Research validation: Emotion recognition accuracy 78% → 83% (gender-specific norms remove gender confound, IEMOCAP dataset)

Technique 4: Formant Position Normalization

Specific to formants (F1, F2, F3): Account for vocal tract length differences

def lobanov_normalize_formants(f1, f2, f3):
    """
    Lobanov normalization: z-score per formant, per speaker

    Standard in phonetics research (Lobanov, 1971)
    """
    # Stack formants
    formants = np.column_stack([f1, f2, f3])  # (n_samples, 3)

    # Z-score per formant dimension
    mean = formants.mean(axis=0)
    std = formants.std(axis=0)
    normalized = (formants - mean) / std

    return normalized[:, 0], normalized[:, 1], normalized[:, 2]

# Or use Bark scale (psychoacoustic)
def hz_to_bark(f_hz):
    """Convert Hz to Bark scale (perceptual frequency)"""
    return 26.81 * f_hz / (1960 + f_hz) - 0.53

f1_bark = hz_to_bark(f1_hz)
f2_bark = hz_to_bark(f2_hz)

3. Temporal Features: Capturing Change Over Time

Static features (mean F0, mean energy) miss dynamic patterns: How does pitch change? How fast does energy rise?

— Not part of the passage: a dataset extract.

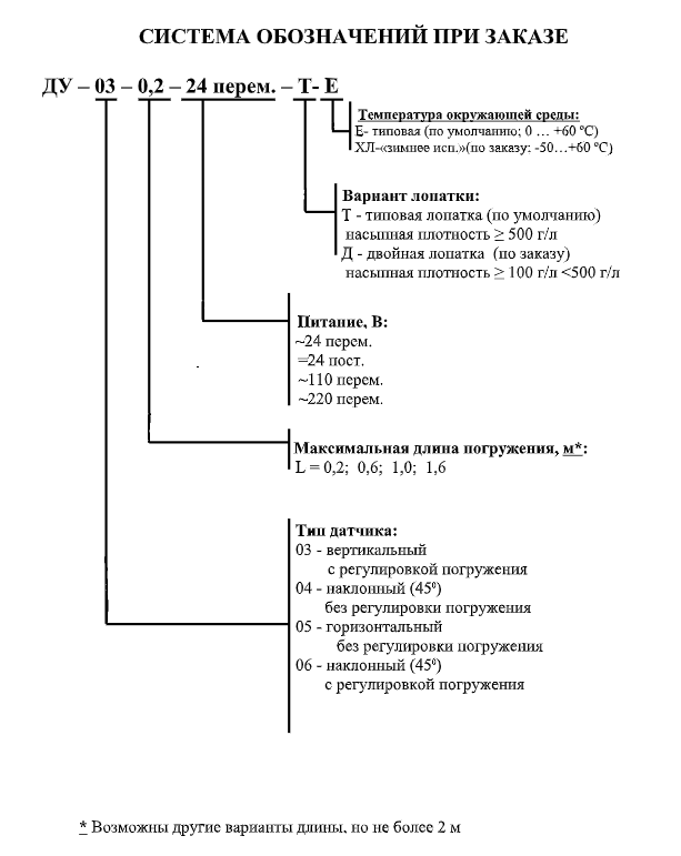 Длина погружение выбирается из ряда L=0,2; 0,6; 1,0; 1,6 (м); или по заказу, но не более 2 метров.

Delta Features (First-Order Derivatives)

What they capture: Rate of change

import numpy as np

def compute_delta_features(features, window=2):
    """
    Compute delta (first derivative) of features

    Args:
        features: (time_steps, n_features) - frame-by-frame features
        window: Number of frames for derivative computation

    Returns:
        delta: (time_steps, n_features)
    """
    delta = np.zeros_like(features)

    for t in range(window, len(features) - window):
        # Regression slope over 2*window+1 frames
        numerator = sum(i * (features[t + i] - features[t - i])
                       for i in range(1, window + 1))
        denominator = 2 * sum(i**2 for i in range(1, window + 1))
        delta[t] = numerator / denominator

    return delta

# Extract frame-level features
smile = opensmile.Smile(
    feature_set=opensmile.FeatureSet.eGeMAPSv02,
    feature_level=opensmile.FeatureLevel.LowLevelDescriptors,
)
llds = smile.process_file('audio.wav')  # (time_steps, 25)

# Compute deltas
delta = compute_delta_features(llds.values)
delta_delta = compute_delta_features(delta)  # Second derivative (acceleration)

# Concatenate
features_with_dynamics = np.concatenate([
    llds.values,
    delta,
    delta_delta
], axis=1)  # (time_steps, 75) - 3x feature count

Use cases:

Emotion: Rising pitch (delta > 0) indicates excitement/stress
Parkinson's: Reduced pitch variation (low delta std) indicates vocal rigidity
Depression: Monotone speech (low delta range)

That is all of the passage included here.